Lee’s After the Pyre

This is really my favorite poem in the second half of Behind My Eyes, but I also liked

AFTER THE PYRE

It turns out, what keeps you alive
as a child at mid-century
following your parents from burning
village to cities on fire to a country at war
with itself and anyone
who looks like you,

what allows you to pass through smoke,
through armed mobs singing the merits of a new regime, tooth for a tooth,
liberation by purification, and global
dissemination of the love of jealous gods,
coup d’etat, coup de grace, and the cooing of mothers
and doves and screaming men
and children caught in the pyre’s updraft,

what keeps you safe even among your own,
the numb, the haunted, the maimed, the barely alive,

tricks you learned to become invisible,
escapes you perfected, playing dead, playing
stupid, playing blind, deaf, weak, strong,
playing girl, playing boy, playing native, foreign,
in love, out of love, playing crazy, sane, holy, debauched,

playing scared, playing brave, happy, sad, asleep, awake,
playing interested, playing bored, playing broken,
playing “Fine, I’m just fine,” it turns out,

now that you’re older
at the beginning of a new century,
what kept you alive
all those years keeps you from living.

very much and think it gives more insight into the essence of this work.

As I read these poems, I was driven to seek out Lee’s biography, something I seldom do because I’m a firm believer that the best way to read poems is simply to read the poems.

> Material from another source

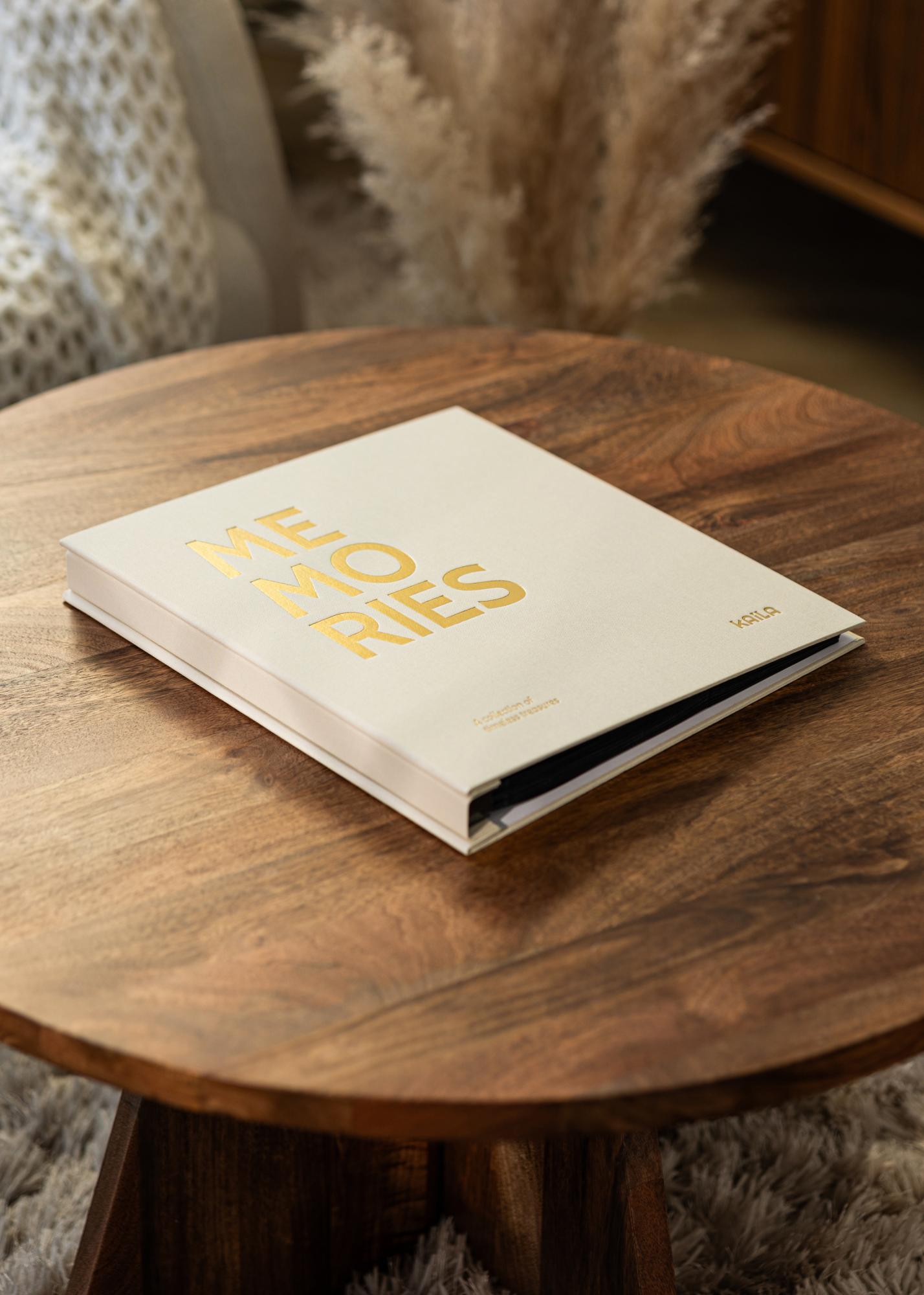 Este es un álbum de fotos elegante con un diseño atemporal y prácticos bolsillos para fotos, perfecto para aquellos que deseen preservar sus mejores recuerdos fotográficos de una manera elegante y sencilla. El álbum está cubierto con una tela beige y en la parte delantera se encuentra la palabra "MEMORIES" impresa en color dorado. Para darle un toque especial, el álbum también cuenta con la frase "Una colección de tesoros atemporales" escrita en una esquina. Las cubiertas de tela, junto con el color dorado del texto, convierten este álbum de fotos en un lujoso detalle decorativo que querrás tener a la vista.

The poems should reveal their own meaning, not serve as some esoteric guide to help us divine the true nature of something else. That said, there were so many fascinating glimpses of the various stages of Lee’s life that I felt compelled to to some background reading.

Some of the appeal of Lee’s poems may well come from his unique background, one few of his readers will have shared, but the power comes from making us see that what he’s learned from his very different experiences is also applicable to our lives. This poem does that as well as any I’ve read.

I think most of us see ourselves as “a whole.” We are what we are. What I am got me this far in life. I don’t see any reason to change now But what if precisely those things that made us successful keep us from enjoying that success.

Scrooge is probably the most famous example of this truism, and some of us might wonder if we shouldn’t be more generous during Christmas season now that we’ve accumulated our fortune, but like most truisms this one soon becomes a stereotype. We need to look far more deeply than that if we are truly to discover those things that keep us from realizing our full potential or our greatest happiness.

2 thoughts on “Lee’s After the Pyre

  1. Reading your blog has exposed me to so many wonderful things that otherwise I might never have seen- thank you so much for sharing those poems!